| Work task |
For every record below, repeat the text exactly and pass over any image.

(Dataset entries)
★ ★ ★ ★

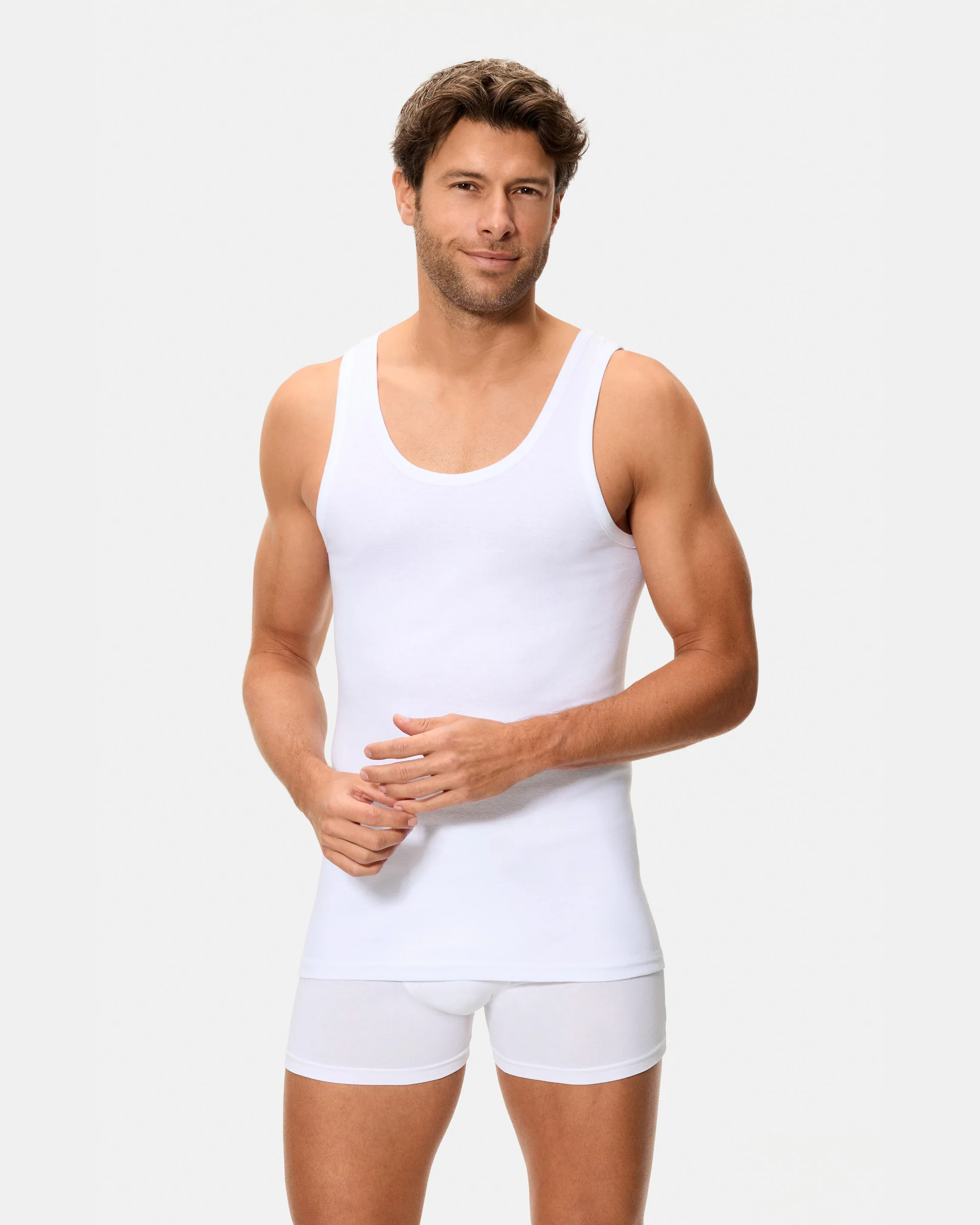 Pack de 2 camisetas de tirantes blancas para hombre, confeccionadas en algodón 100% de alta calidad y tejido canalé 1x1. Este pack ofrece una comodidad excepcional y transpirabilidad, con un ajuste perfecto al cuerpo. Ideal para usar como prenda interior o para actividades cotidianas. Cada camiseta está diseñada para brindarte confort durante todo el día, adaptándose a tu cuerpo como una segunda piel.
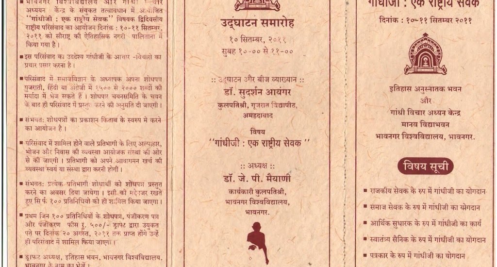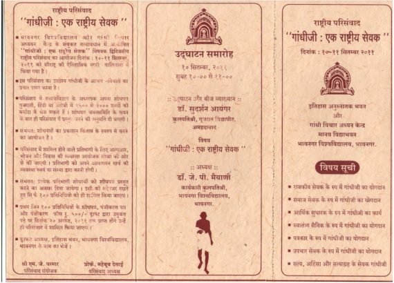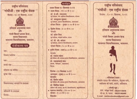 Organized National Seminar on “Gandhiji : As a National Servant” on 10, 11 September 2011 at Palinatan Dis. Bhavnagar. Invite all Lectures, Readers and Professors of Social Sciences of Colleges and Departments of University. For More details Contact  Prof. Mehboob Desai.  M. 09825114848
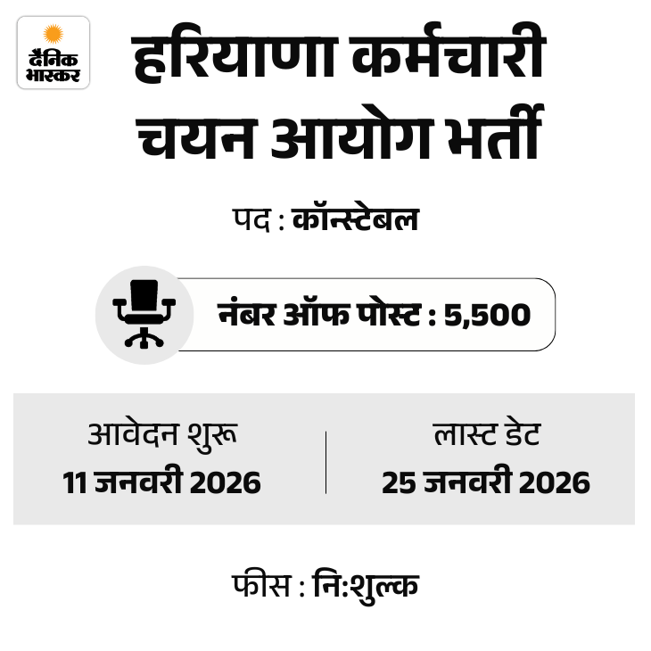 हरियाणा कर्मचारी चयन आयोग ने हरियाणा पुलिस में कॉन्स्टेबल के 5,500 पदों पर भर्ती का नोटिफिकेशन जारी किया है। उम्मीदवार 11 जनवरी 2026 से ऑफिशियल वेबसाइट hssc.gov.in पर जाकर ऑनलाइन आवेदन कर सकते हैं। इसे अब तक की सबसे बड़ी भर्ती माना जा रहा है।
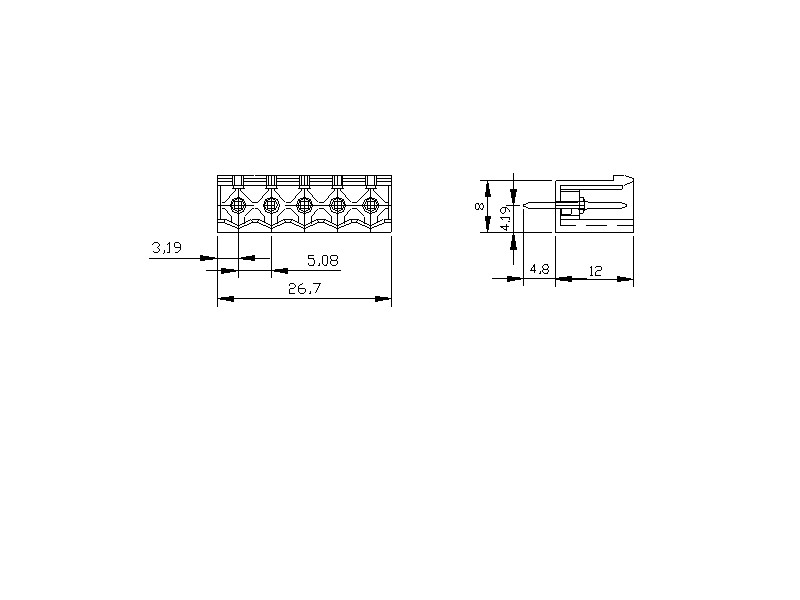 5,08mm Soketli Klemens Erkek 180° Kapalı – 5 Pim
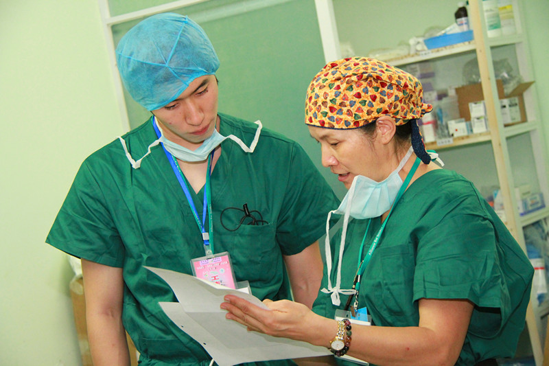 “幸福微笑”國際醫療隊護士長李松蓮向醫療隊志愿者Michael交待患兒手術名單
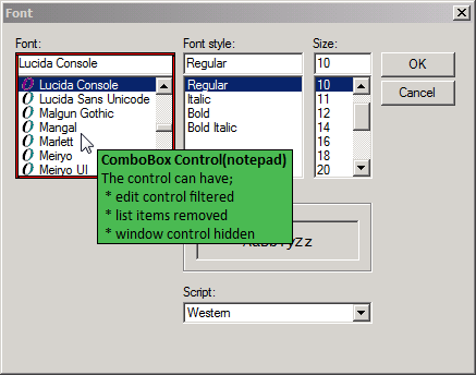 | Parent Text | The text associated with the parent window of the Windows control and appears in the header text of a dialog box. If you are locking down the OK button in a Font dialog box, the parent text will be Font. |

★ ★ ★ ★

| Result |
 Pack de 2 camisetas de tirantes blancas para hombre, confeccionadas en algodón 100% de alta calidad y tejido canalé 1x1. Este pack ofrece una comodidad excepcional y transpirabilidad, con un ajuste perfecto al cuerpo. Ideal para usar como prenda interior o para actividades cotidianas. Cada camiseta está diseñada para brindarte confort durante todo el día, adaptándose a tu cuerpo como una segunda piel.
 Organized National Seminar on “Gandhiji : As a National Servant” on 10, 11 September 2011 at Palinatan Dis. Bhavnagar. Invite all Lectures, Readers and Professors of Social Sciences of Colleges and Departments of University. For More details Contact  Prof. Mehboob Desai.  M. 09825114848
 हरियाणा कर्मचारी चयन आयोग ने हरियाणा पुलिस में कॉन्स्टेबल के 5,500 पदों पर भर्ती का नोटिफिकेशन जारी किया है। उम्मीदवार 11 जनवरी 2026 से ऑफिशियल वेबसाइट hssc.gov.in पर जाकर ऑनलाइन आवेदन कर सकते हैं। इसे अब तक की सबसे बड़ी भर्ती माना जा रहा है।
 5,08mm Soketli Klemens Erkek 180° Kapalı – 5 Pim
 “幸福微笑”國際醫療隊護士長李松蓮向醫療隊志愿者Michael交待患兒手術名單
 | Parent Text | The text associated with the parent window of the Windows control and appears in the header text of a dialog box. If you are locking down the OK button in a Font dialog box, the parent text will be Font. |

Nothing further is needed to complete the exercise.